> Exercise: From the line that contains "This abaya can" through the closing line of the entries, write out each line exactly; pictures stay out.

> Task inputs:
----

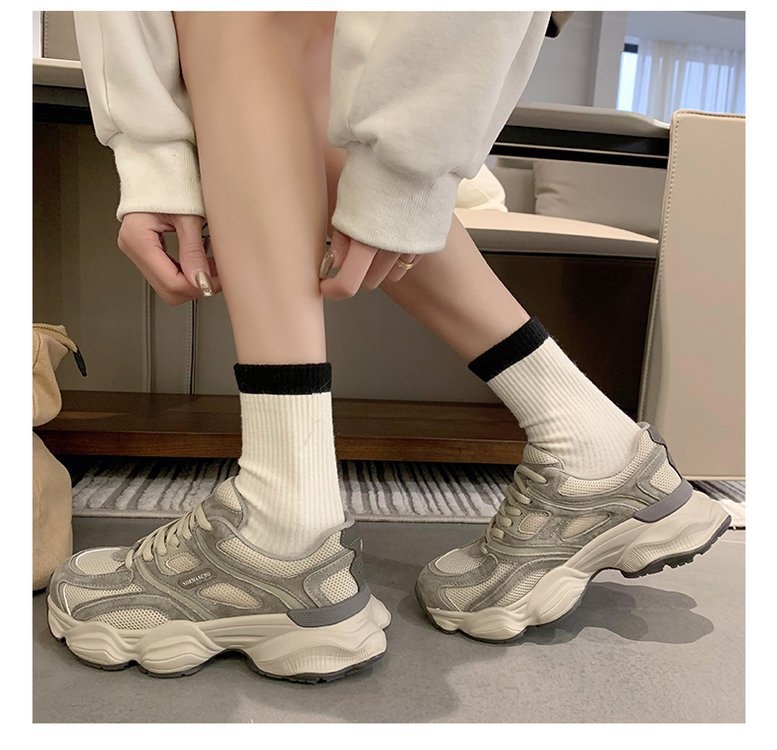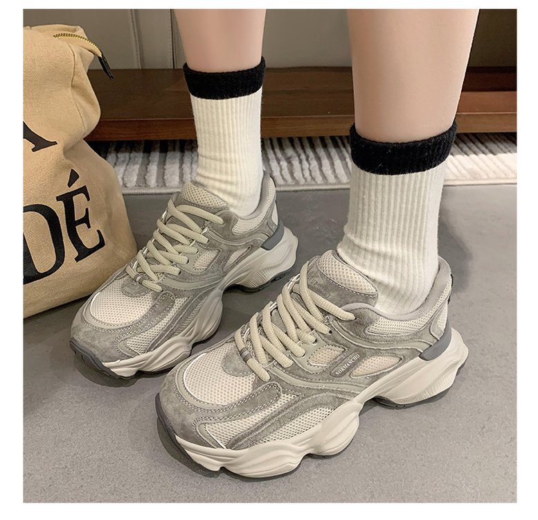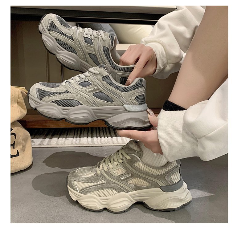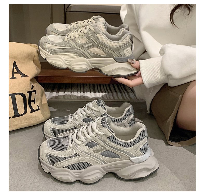 [아마노] 여성을위한 정품 가죽 아빠 신발 2024 봄 새로운 두꺼운 바닥 통기성 올 매치 러닝 캐주얼 운동화
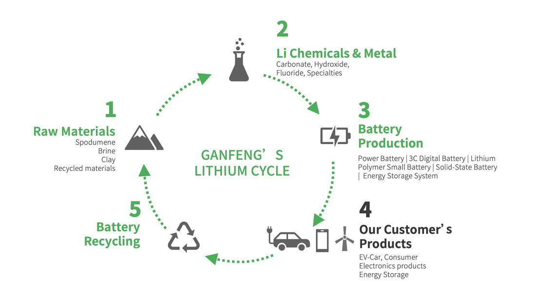 As the world's leading lithium eco-enterprise, Ganfeng Lithium's business segments cover from upstream 'lithium resource development', midstream' lithium refinery and lithium metal smelting', to downstream' lithium battery manufacturing and battery recycling'. Our products are widely used in EVs, energy storage systems, 3C products, chemicals and pharmaceuticals, etc.
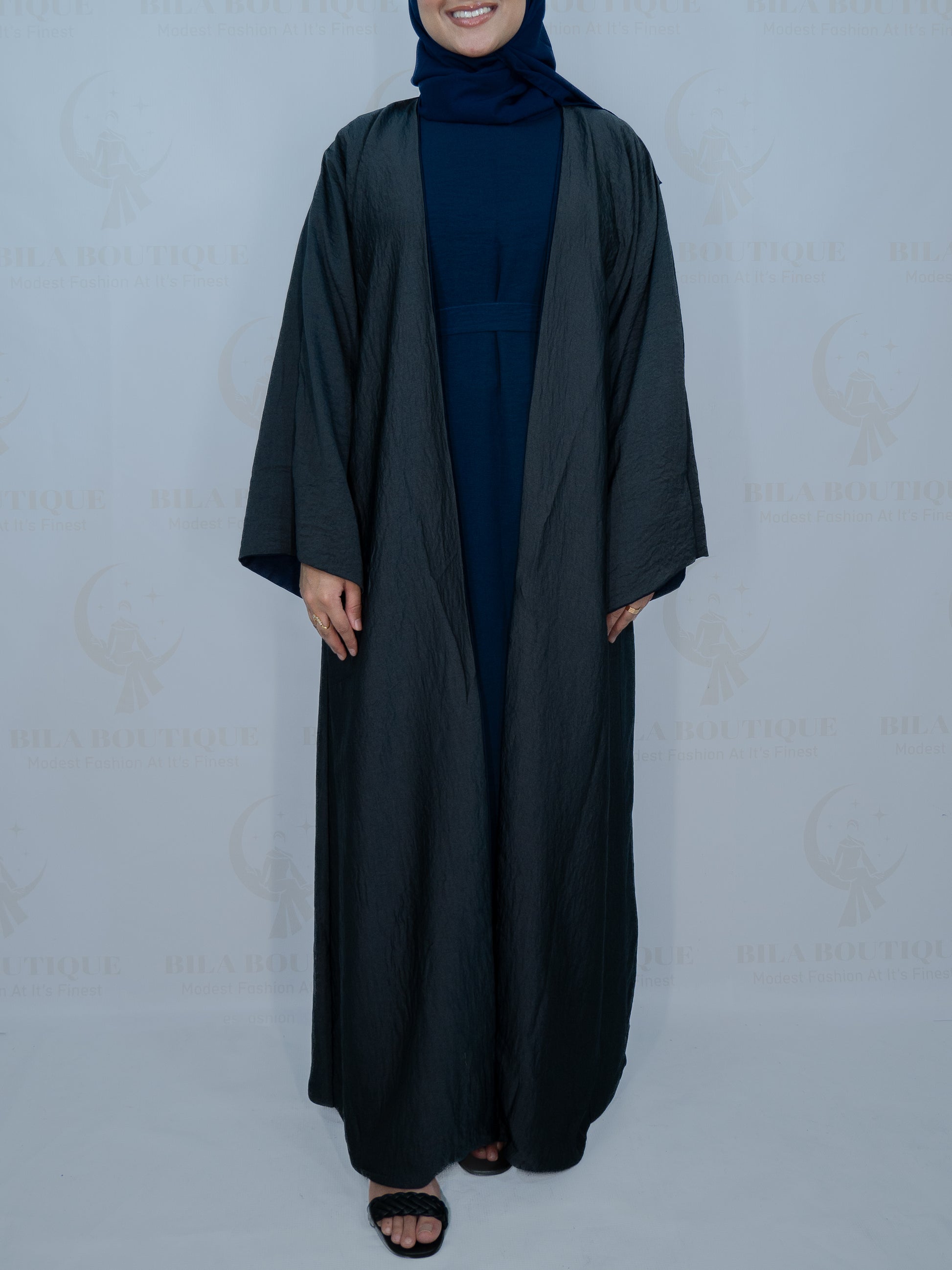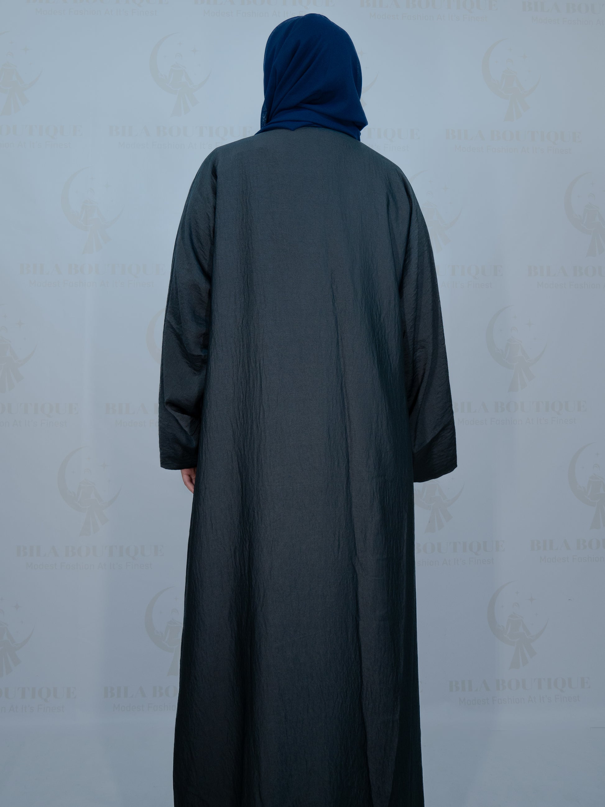 This abaya can be worn two ways, one side is blue and the other is grey. This item comes with the double sided outer abaya, an inner dress, a belt and a hijab.
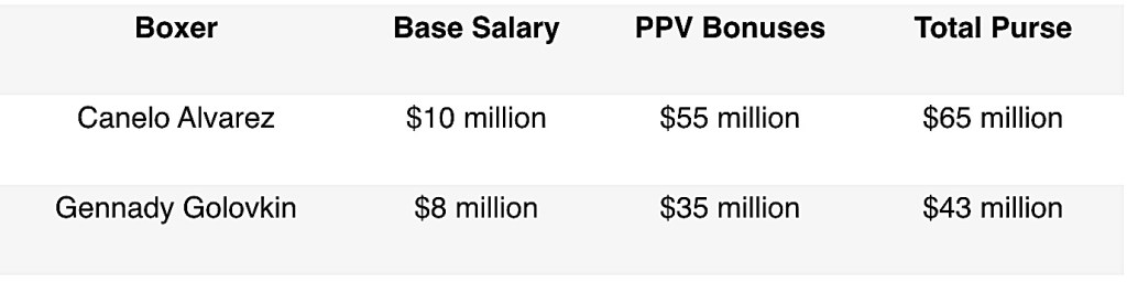 Il compenso dei due pugili è formato da una base fissa, a cui si aggiungerà la percentuale sulla vendita della pay per view (PPV). Sportszion.com ha ipotizzato l’entità della cifra finale, avendo come riferimento l’ultima sfida, in cui Canelo e GGG sono partiti rispettivamente da una base di 5 e 4 milioni di dollari, per arrivare con l’incasso della tv a una cifra oscillante tra i 35 e i 40 milioni di dollari. Quattro anni dopo le borse dovrebbero essere quelle riportate qui sotto.
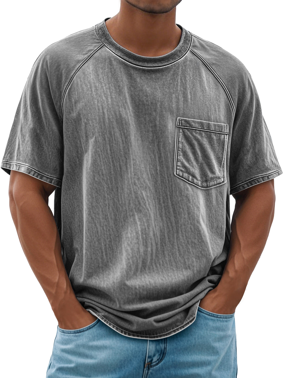 Men's Retro Round Neck Raglan Pocket Casual Short Sleeve T-Shirt
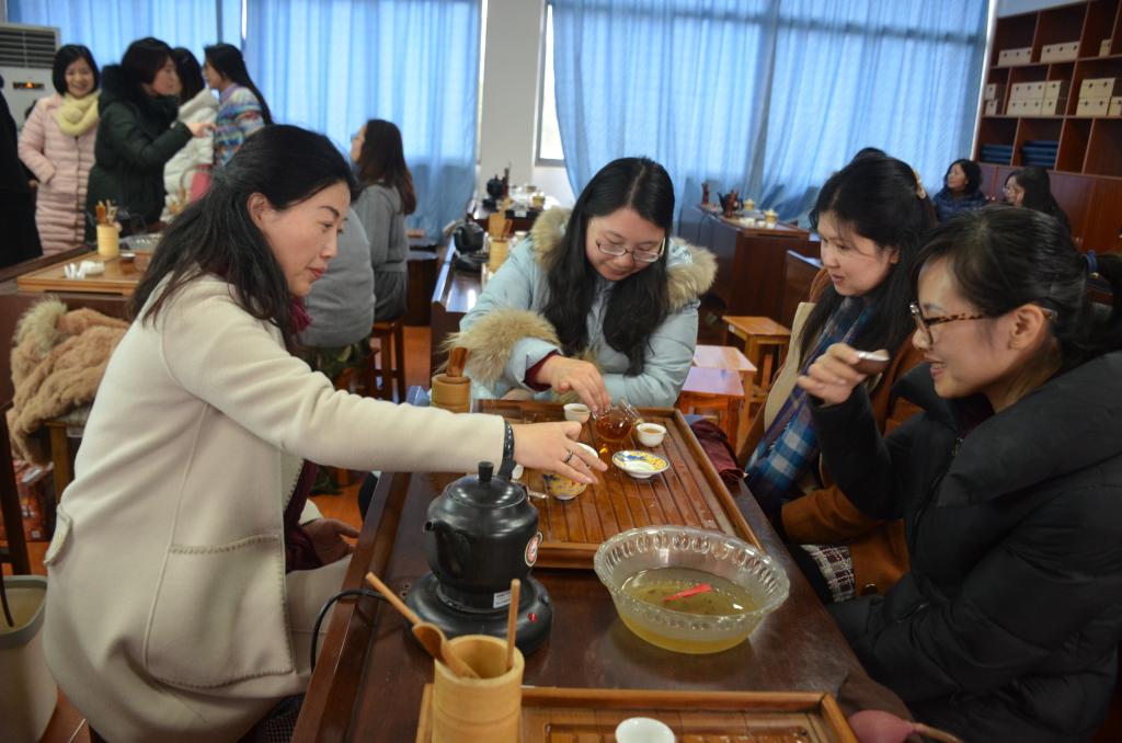 讲座由商公司毛晨岚老师主持,并由音舞院师生在旁弹奏古筝伴奏,室内乐音雅致、茶香四溢。全校数十名女教职工热心参与,在学习茶道、品鉴好茶的过程中,共同度过了一段美好而难忘的时光。

----

> Solution to the problem:
 This abaya can be worn two ways, one side is blue and the other is grey. This item comes with the double sided outer abaya, an inner dress, a belt and a hijab.
 Il compenso dei due pugili è formato da una base fissa, a cui si aggiungerà la percentuale sulla vendita della pay per view (PPV). Sportszion.com ha ipotizzato l’entità della cifra finale, avendo come riferimento l’ultima sfida, in cui Canelo e GGG sono partiti rispettivamente da una base di 5 e 4 milioni di dollari, per arrivare con l’incasso della tv a una cifra oscillante tra i 35 e i 40 milioni di dollari. Quattro anni dopo le borse dovrebbero essere quelle riportate qui sotto.
 Men's Retro Round Neck Raglan Pocket Casual Short Sleeve T-Shirt
 讲座由商公司毛晨岚老师主持,并由音舞院师生在旁弹奏古筝伴奏,室内乐音雅致、茶香四溢。全校数十名女教职工热心参与,在学习茶道、品鉴好茶的过程中,共同度过了一段美好而难忘的时光。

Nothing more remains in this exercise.